Buying a thick book, from the perspective of Homo Economicus, is cheaper, just like buying a five-liter bottle of olive oil: it offers more entertainment time for the same price. To gift a book in a physical copy, with volume, a hard cover, and many pages usually comes off better. In addition, length is not the only parameter that influences the purchase and reading of a book. Another issue to take into account is advertising, and many of these long titles are usually editorial investments supported by large advertising campaigns, such as in the case of Spain’s Planeta awards. “A hunch I have is that, in addition, people are now more inclined to stop reading books when they are not interested.
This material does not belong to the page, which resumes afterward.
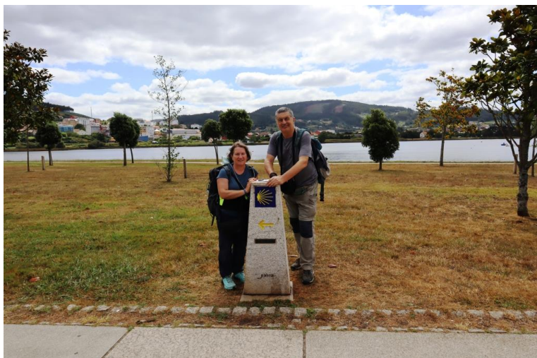
La pietra miliare che indica -100 km a Santiago
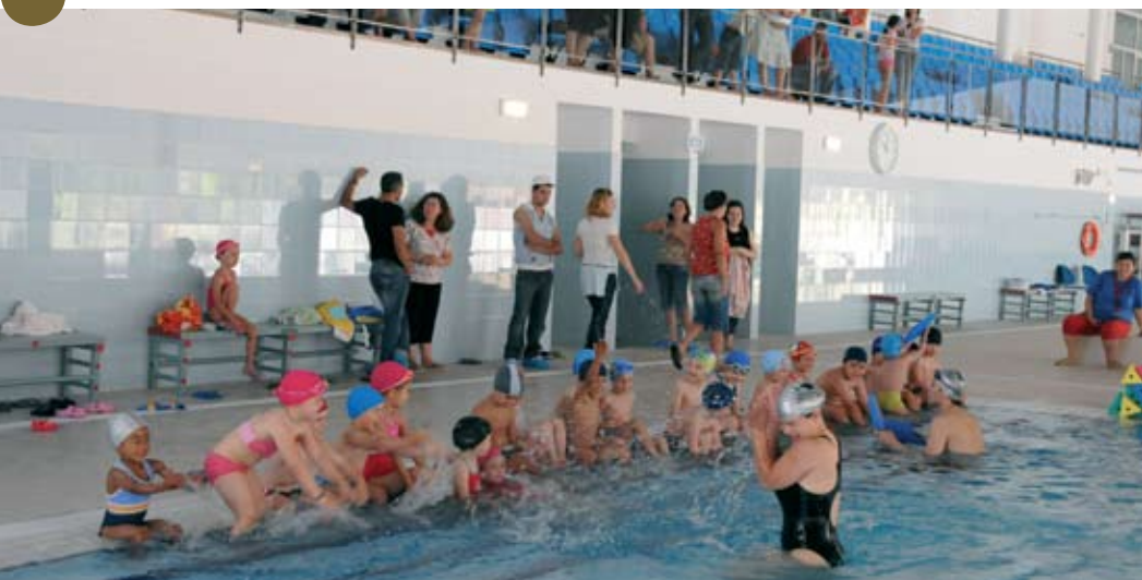
Estiveram presentes na iniciativa 93 alunos de todos os escalões

Realizou-se no dia 22 de Junho o 2º Festival de Encerramento das Actividades da Escola Municipal de Natação das Piscinas Municipais de Santiago do Cacém.

There is no longer the moral obligation to finish the books that you’ve started,” says Álvaro Manso, spokesman for the Spanish Confederation of Guilds and Associations of Booksellers (Cegal). We live in fluid times in this aspect as well, and people jump from book to book the way they jump between partners in the dating scene.


“What I also see is that there are certain readers, such as those of best-sellers, who are more focused on the plot and tend to prefer longer books,” says Manso. “Those who read more literary books do not require much length; those writers’ job is often to polish the text as much as possible, which produces shorter books”. There are readers who prefer a very long story, a wide world in which to immerse themselves and become familiar with the characters, not leaving it for months (as in a TV series). Others prefer shorter volumes that allow them to access more stories, more authors, to be more agile in their exploration of the literary landscape. It has once been said that short story books don’t sell very well because readers are too lazy mentally to immerse themelves in 10 different universes in a single book, one per story.
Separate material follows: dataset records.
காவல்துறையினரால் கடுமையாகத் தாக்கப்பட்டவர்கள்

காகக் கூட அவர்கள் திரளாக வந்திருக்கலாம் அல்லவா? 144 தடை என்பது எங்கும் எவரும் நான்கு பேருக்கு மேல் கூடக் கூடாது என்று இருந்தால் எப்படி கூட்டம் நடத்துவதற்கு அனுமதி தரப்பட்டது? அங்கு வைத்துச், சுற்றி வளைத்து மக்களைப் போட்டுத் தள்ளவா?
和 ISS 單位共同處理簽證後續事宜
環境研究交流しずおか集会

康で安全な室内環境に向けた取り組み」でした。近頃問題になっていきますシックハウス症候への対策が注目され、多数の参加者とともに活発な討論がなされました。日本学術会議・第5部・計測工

“The novel has an incredible advantage over other storytelling formats, and that is its incredible plasticity,” says bestselling author Juan Gómez Jurado. “A day can last three words or three chapters. Years can go by in a sentence, or we can spend 5,000 words counting a couple of seconds when a bomb explodes, as I did in Reina Roja. The only thing that matters, really, is that the choice should serve the story in the best possible way.”
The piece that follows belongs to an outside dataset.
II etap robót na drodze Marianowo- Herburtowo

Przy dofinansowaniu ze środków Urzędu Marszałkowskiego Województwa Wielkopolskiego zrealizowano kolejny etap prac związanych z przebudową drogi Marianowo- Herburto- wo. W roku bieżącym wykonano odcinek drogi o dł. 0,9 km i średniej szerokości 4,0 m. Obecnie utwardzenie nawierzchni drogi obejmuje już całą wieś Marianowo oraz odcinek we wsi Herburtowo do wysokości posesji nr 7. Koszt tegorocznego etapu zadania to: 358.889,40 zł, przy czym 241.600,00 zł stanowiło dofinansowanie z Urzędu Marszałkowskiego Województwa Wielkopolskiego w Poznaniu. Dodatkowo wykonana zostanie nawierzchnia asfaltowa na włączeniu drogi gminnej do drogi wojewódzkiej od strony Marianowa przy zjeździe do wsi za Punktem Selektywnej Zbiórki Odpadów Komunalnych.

The longest book in the world

It is difficult to say which is the shortest book in the world, the one that requires the least time and attention. The shortest story is held to be The Dinosaur (“When he woke up, the dinosaur was still there”) by Augusto Monterroso, but by itself it does not amount to a book. Regarding the longest book, there is a certain consensus in pointing out In Search of Lost Time, by Marcel Proust, which, although published in seven volumes, can be considered a single work of 9,609,000 characters (counting the spaces). For this reason, it was awarded the Guinness World Records Prize for the longest novel: this year marks the centennial of its final period and the death of its author.

In addition to thick books, many publishers are opting for collections of small and refined books. Publishing short books allows the publisher to be more up to date, almost journalistic, and reach readers concerned about contemporary problems. “We can be agile and improvise the programming a bit, like a guerrilla “, points out Isabel Obiols, of the Spanish publisher Anagrama. Although, at the same time, we want them to be books that do not get out-of-date immediately.”

At times when attention is atomized, these short and small artifacts are an alternative that, moreover, allow us to boast of having read many books in a minimum amount of time in lives now devoted mainly to updating social networks, preferably with photos of healthy breakfasts and sunny mornings on the beach.